Below are records with pictures in them. Transcribe everything from the line containing "There are two" down to the line containing "is perfectly bonded.", exactly, and leave the pictures behind.

:: INFORMATION GIVEN ::
********
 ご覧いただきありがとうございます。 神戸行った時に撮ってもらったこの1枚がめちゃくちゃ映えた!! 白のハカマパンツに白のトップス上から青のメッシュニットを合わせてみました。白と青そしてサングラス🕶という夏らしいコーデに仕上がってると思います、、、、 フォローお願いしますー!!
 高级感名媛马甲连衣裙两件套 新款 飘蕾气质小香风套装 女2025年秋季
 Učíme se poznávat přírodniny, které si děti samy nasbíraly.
********
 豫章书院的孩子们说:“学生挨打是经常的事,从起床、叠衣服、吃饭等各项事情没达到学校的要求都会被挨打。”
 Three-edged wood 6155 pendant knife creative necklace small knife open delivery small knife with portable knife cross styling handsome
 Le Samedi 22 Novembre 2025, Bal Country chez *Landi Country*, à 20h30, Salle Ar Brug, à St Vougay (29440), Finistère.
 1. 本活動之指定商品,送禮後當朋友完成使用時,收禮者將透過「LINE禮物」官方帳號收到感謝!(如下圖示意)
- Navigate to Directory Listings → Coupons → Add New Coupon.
********
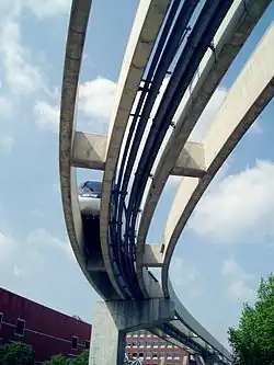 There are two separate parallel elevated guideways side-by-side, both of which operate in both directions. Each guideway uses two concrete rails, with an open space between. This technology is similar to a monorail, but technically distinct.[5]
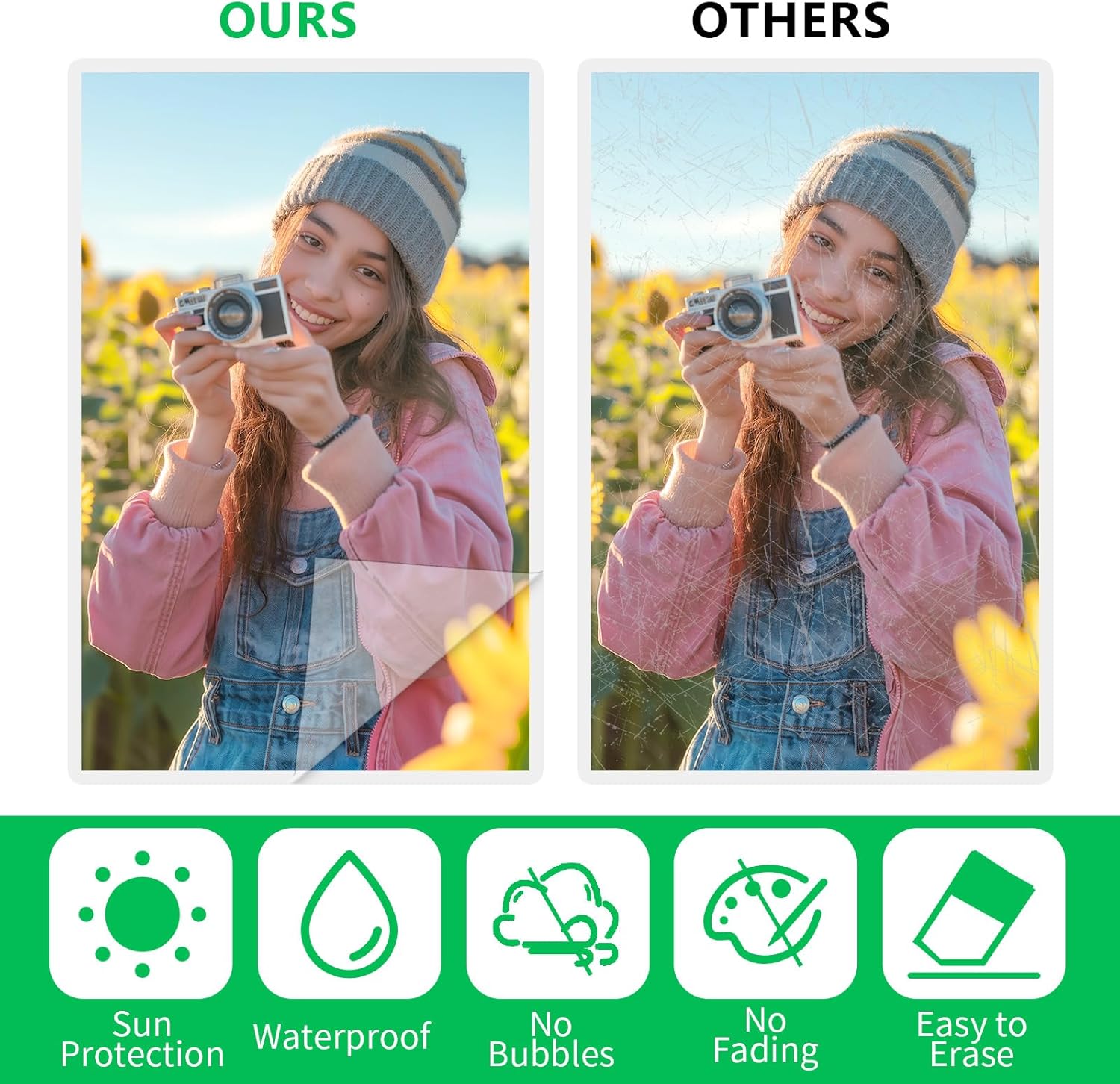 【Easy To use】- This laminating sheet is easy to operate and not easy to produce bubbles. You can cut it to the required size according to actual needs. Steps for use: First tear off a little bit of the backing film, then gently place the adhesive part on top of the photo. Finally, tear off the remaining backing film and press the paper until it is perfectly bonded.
********
:: TASK OUTPUT ::
 There are two separate parallel elevated guideways side-by-side, both of which operate in both directions. Each guideway uses two concrete rails, with an open space between. This technology is similar to a monorail, but technically distinct.[5]
 【Easy To use】- This laminating sheet is easy to operate and not easy to produce bubbles. You can cut it to the required size according to actual needs. Steps for use: First tear off a little bit of the backing film, then gently place the adhesive part on top of the photo. Finally, tear off the remaining backing film and press the paper until it is perfectly bonded.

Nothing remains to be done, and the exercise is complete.